Exercise aim
For this exercise, write out the full listing that follows exactly and skip its pictures.

Information supplied
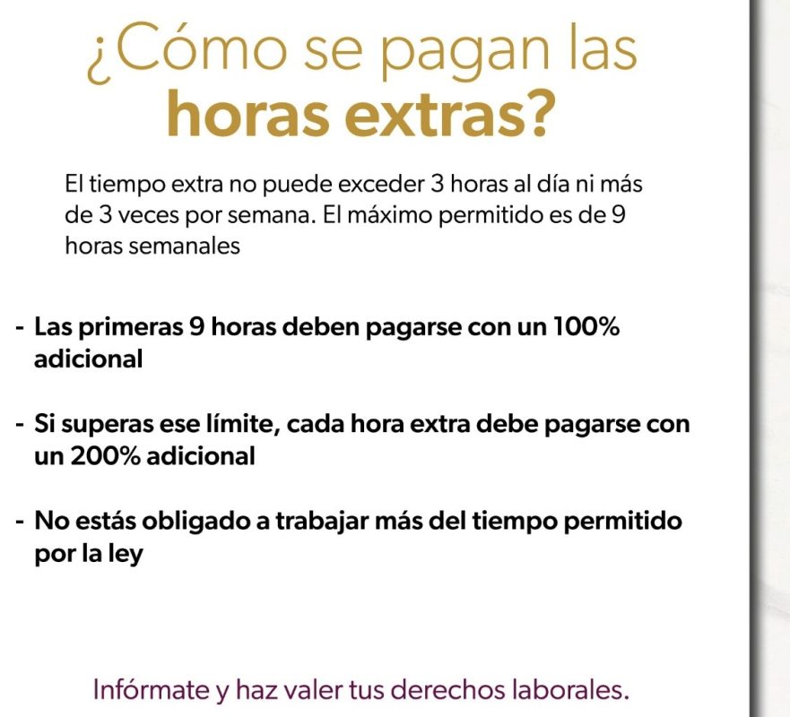 El tiempo extraordinario no puede exceder de tres horas diarias, ni de tres veces por semana y debe pagarse con un 100 por ciento más del salario ordinario. Sin embargo, si se sobrepasan las nueve horas semanales permitidas, el patrón está obligado a cubrir un 200 por ciento adicional sobre el salario correspondiente a esas horas, además de las sanciones establecidas en la ley.
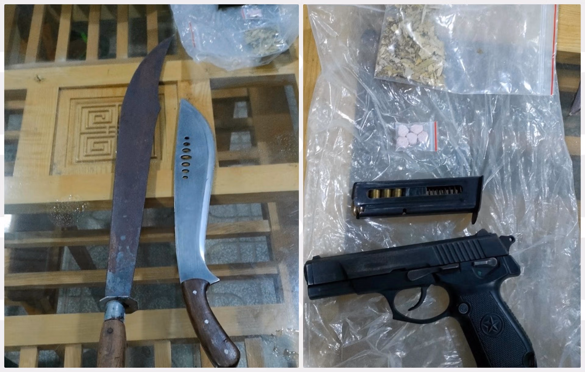 Qua khám xét, trên người đối tượng có cất giấu 4 túi nylon màu trắng. Bên trong các túi có chứa 50 viên nén màu hồng và nhiều hạt tinh thể rắng màu trắng (nghi là chất ma túy). Tổ công tác tiếp tục khám xét chỗ ở của đối tượng thì thu giữ được 1 súng ngắn, cùng 9 viên đạn (nghi là vũ khí quân dụng), 5 viên nén màu hồng (nghi là ma túy), cùng 2 dao tự chế.
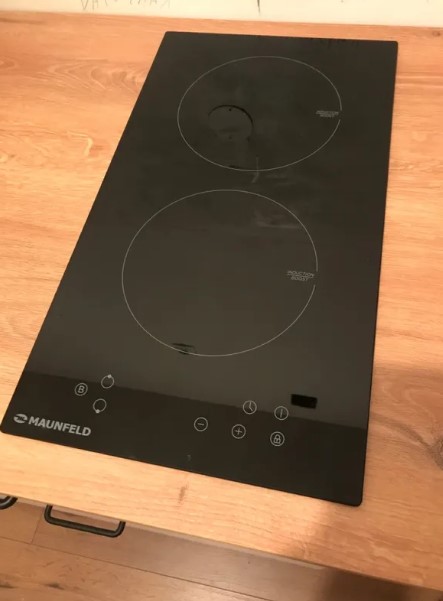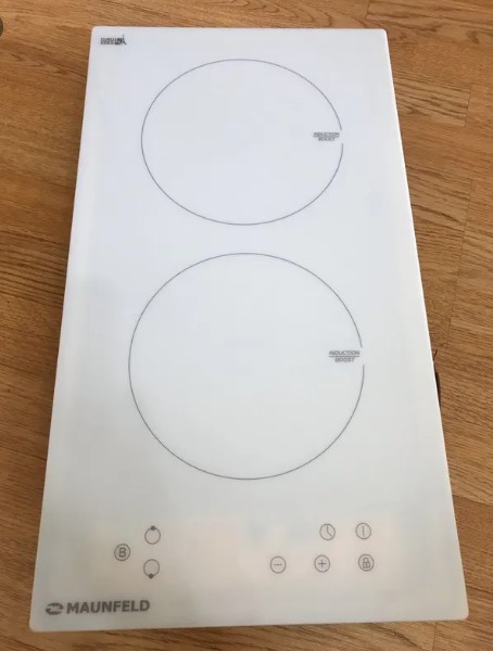 2-х конфорок составляет 180 мм. Одна конфорка мощностью 1500 Вт (бустер 1800 Вт), вторая - 2000 Вт (бустер 2300 Вт).

Result
 El tiempo extraordinario no puede exceder de tres horas diarias, ni de tres veces por semana y debe pagarse con un 100 por ciento más del salario ordinario. Sin embargo, si se sobrepasan las nueve horas semanales permitidas, el patrón está obligado a cubrir un 200 por ciento adicional sobre el salario correspondiente a esas horas, además de las sanciones establecidas en la ley.
 Qua khám xét, trên người đối tượng có cất giấu 4 túi nylon màu trắng. Bên trong các túi có chứa 50 viên nén màu hồng và nhiều hạt tinh thể rắng màu trắng (nghi là chất ma túy). Tổ công tác tiếp tục khám xét chỗ ở của đối tượng thì thu giữ được 1 súng ngắn, cùng 9 viên đạn (nghi là vũ khí quân dụng), 5 viên nén màu hồng (nghi là ma túy), cùng 2 dao tự chế.
 2-х конфорок составляет 180 мм. Одна конфорка мощностью 1500 Вт (бустер 1800 Вт), вторая - 2000 Вт (бустер 2300 Вт).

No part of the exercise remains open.